Litigation Letter
What is a house?
Day and another v Hosebay Ltd; Howard de Walden Estates Ltd v Lex Gorge Ltd [2010] EWCA Civ 748; TLR 10 August
In conjoined appeals, the court was required to determine the meaning and effect of the Leasehold Reform Act 1967 s2(1), and
the question of what constituted a ‘house’ for the purpose of that section. In each appeal, the respondent tenants were companies.
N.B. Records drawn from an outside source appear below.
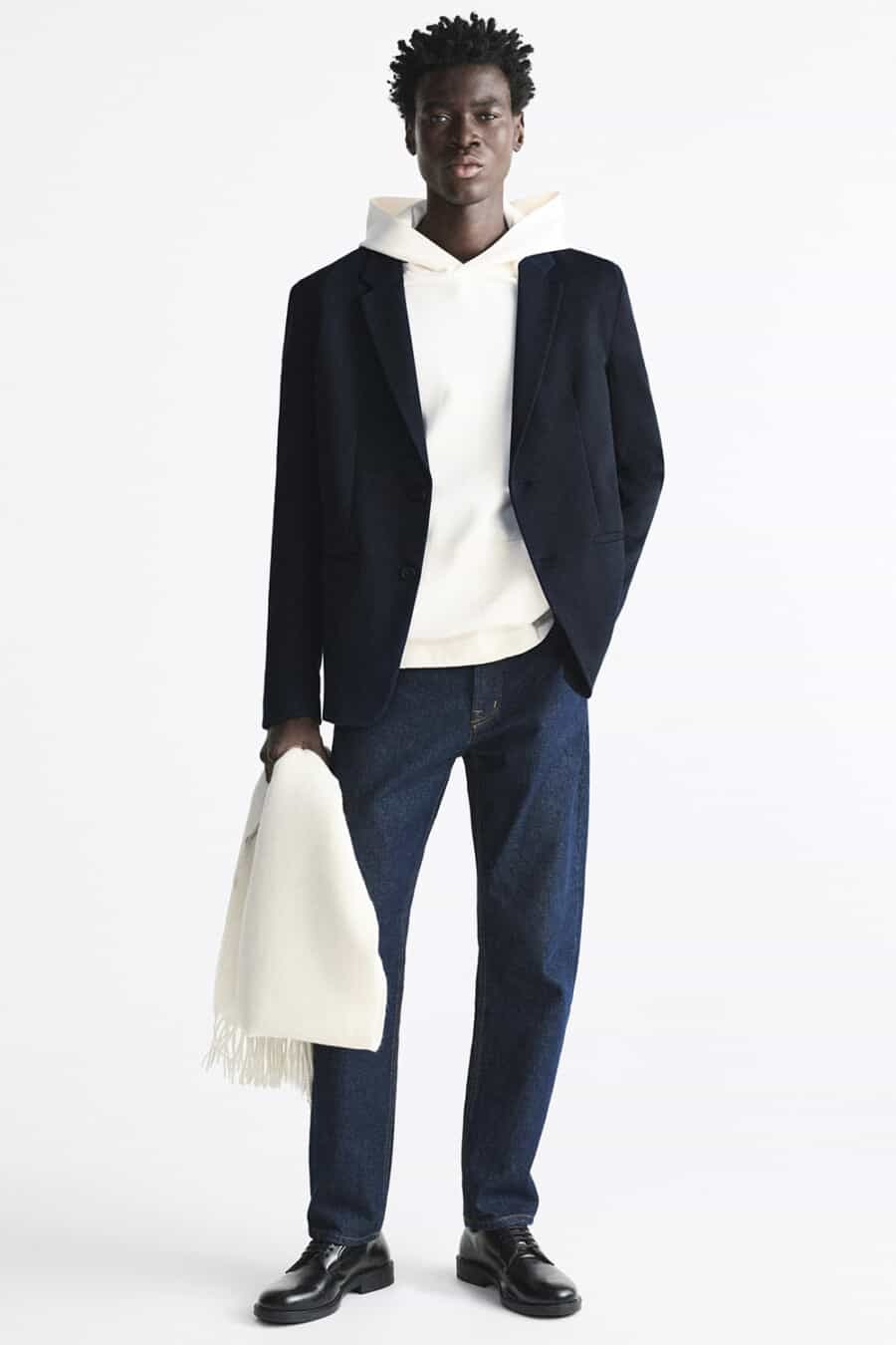 3. Quần jeans với hoodie trắng và blazer xanh navy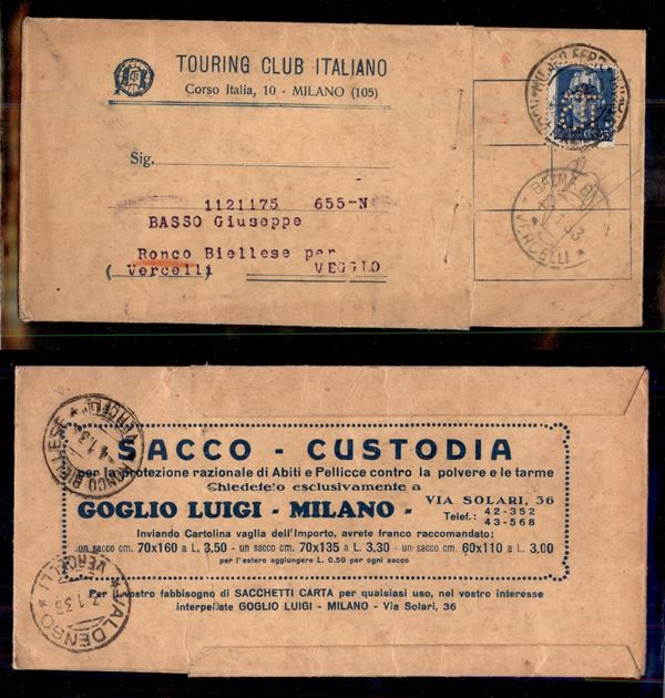 Perfin (CTI) - 35 cent (250) su busta speciale a sacco da Milano a Veggio del 29.1.33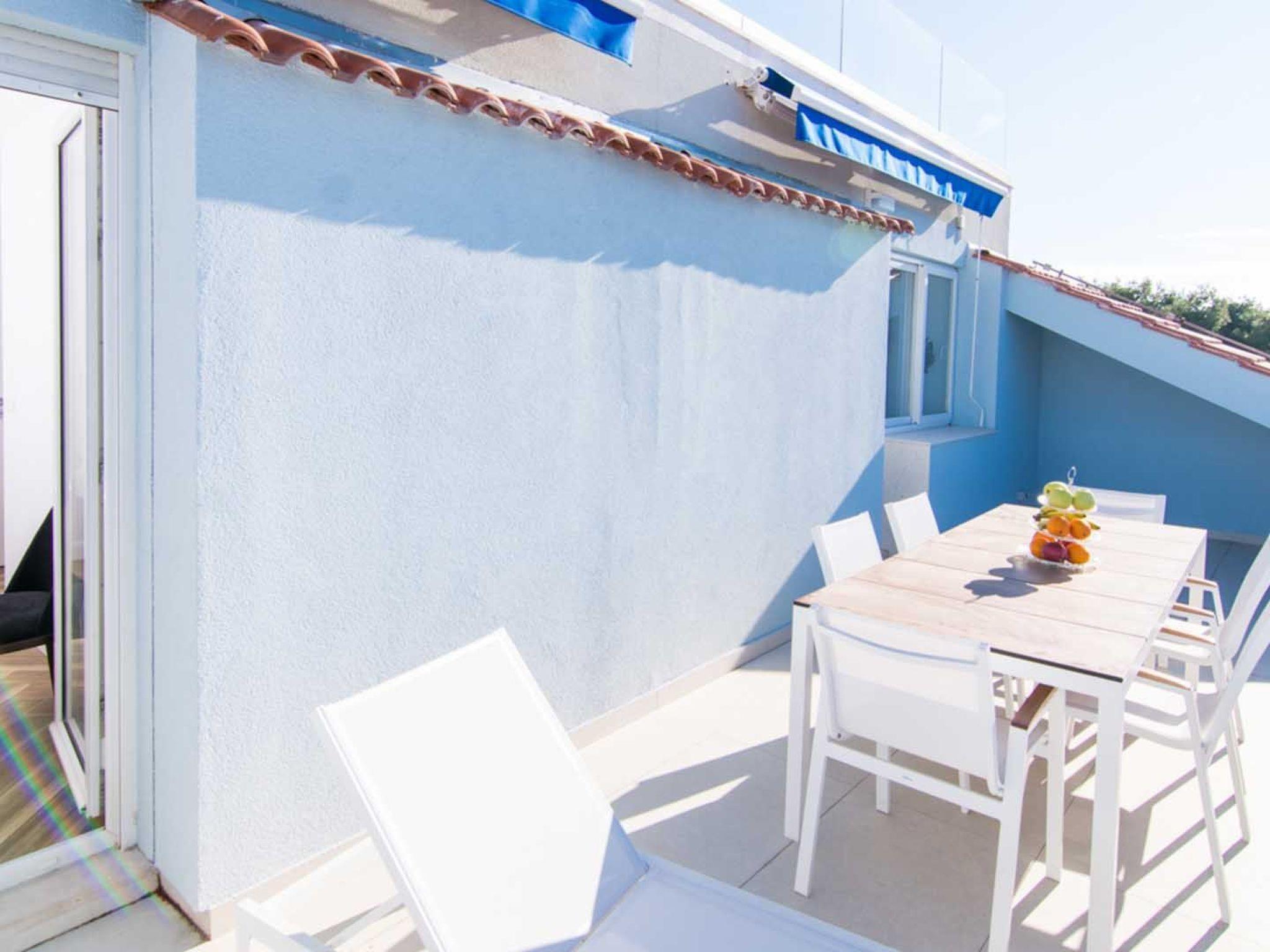 -Gartenmöbel auf dem überdachten Balkon mit Meerblick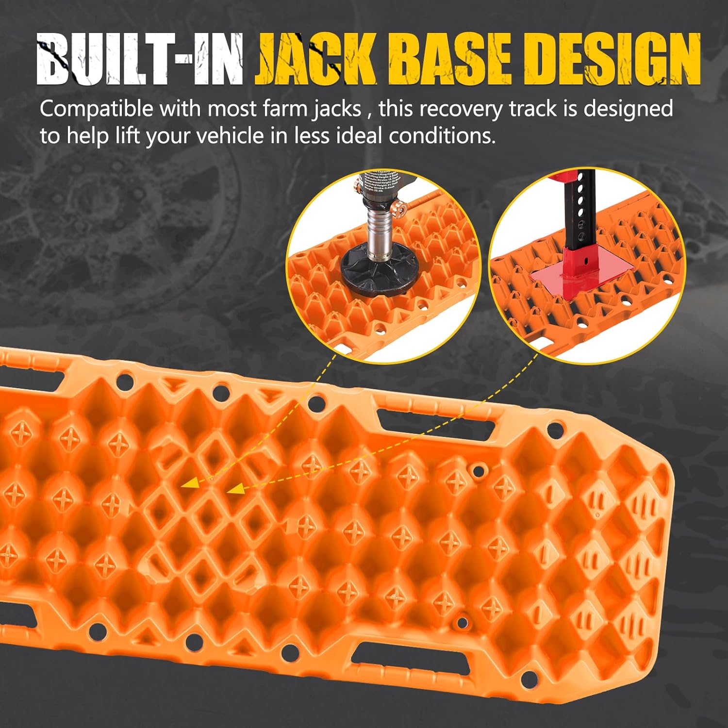Jack Base Function: Designed with unique jack base in the center of the traction board is for emergency work, compatible with offroad jack.And a bunker recovery boards could be placed under it to provide a solid surface for lifting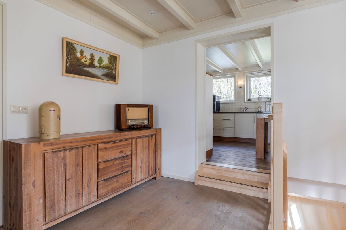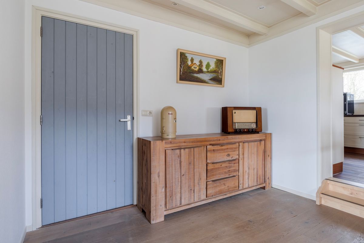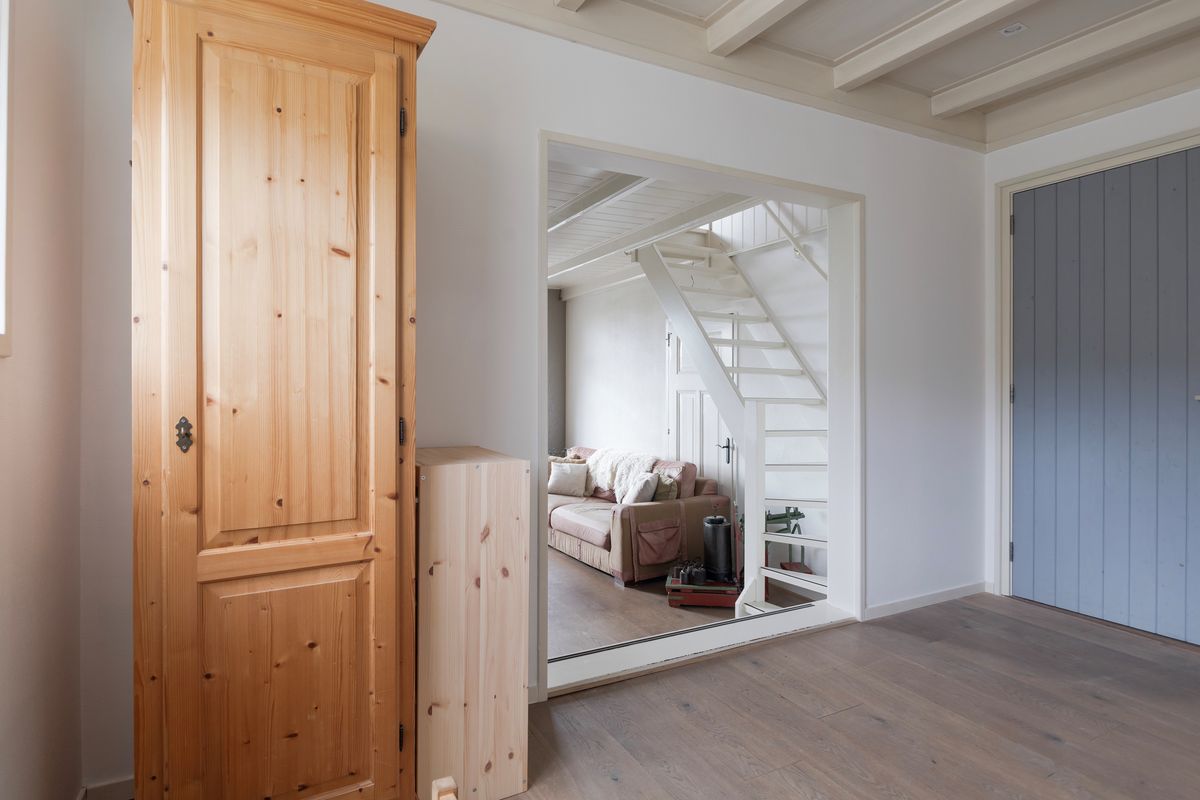 Begane grond: Bij binnenkomst in de woning valt direct de lange entree op: een mooie binnenkomer die toegang geeft tot diverse ruimtes. Aan de linkerzijde bevindt zich de badkamer, voorzien van een hoekbad, doucheruimte en wastafel – een fijne plek om tot rust te komen. In de hal zijn bovendien twee praktische inbouwkasten en een apart toilet, compleet met hangend closet, urinoir en fonteintje – comfortabel én netjes afgewerkt. Vanuit de hal heb je toegang tot de charmante opkamer – een sfeervolle ruimte die je uitnodigt om te lezen, werken of gewoon te genieten van het uitzicht. Via deze kamer leidt een trap je naar het souterrain, een verrassende extra die volop mogelijkheden biedt. Aan de voorzijde van het huis ligt de woonkamer, waar de grote ramen zorgen voor een prachtig vrij uitzicht over de landerijen. Hier geniet je van licht, lucht en ruimte – en op koudere dagen van de knusse houtkachel. Ook vind je hier de trap naar de verdieping. Aan de andere zijde van de opkamer bevindt zich de ruime woonkeuken. De keukenopstelling biedt alle ruimte voor koken, leven en gezellig samen zijn.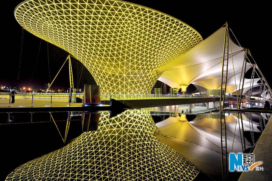靜待開(kāi)幕的世博園沉浸在一片暮色中,流光溢彩,給人無(wú)限遐想。從外灘到世博園,“夜”上海不斷延伸,讓人激情跳躍。圖片來(lái)源:新華網(wǎng)孫巍攝
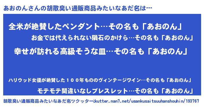 | 男性向けラノベタイトル風あだ名 | 『アオノンスレイヤー』『あおのんの憂鬱』 |

The tenant in the first appeal had acquired long leases on three properties in a terrace of buildings that had been fully
adapted to provide several individual rooms for letting, and were used as short-term accommodation for tourists and other
visitors. The premises were originally constructed and first occupied as large houses, and were described as a messuage or
dwelling house in the leases. The tenant in the second appeal had also acquired a long lease on a property that was designed,
built and initially used as a town house residence for a single family. The property maintained its physical appearance externally,
but, in accordance with the lease that the upper floors were restricted to residential use and the lower floors to office
use, internal works had been done so that the lower floors could be used as offices. The whole of the property was however
being used as offices at the relevant date. The tenants gave notice to acquire the freeholds of the properties under the Leasehold
Reform Act 1967 s8. Those notices were resisted by the appellant landlords on the basis that the premises were not houses
under s2(1) of the Act as they could not be described as a ‘house reasonably so called’. The first tenant’s notice was also
resisted on the basis that the premises were not a ‘house’ as they were not ‘designed or adapted for living in’. In each case,
the courts rejected the landlords’ contentions and held that the premises were houses under s2(1).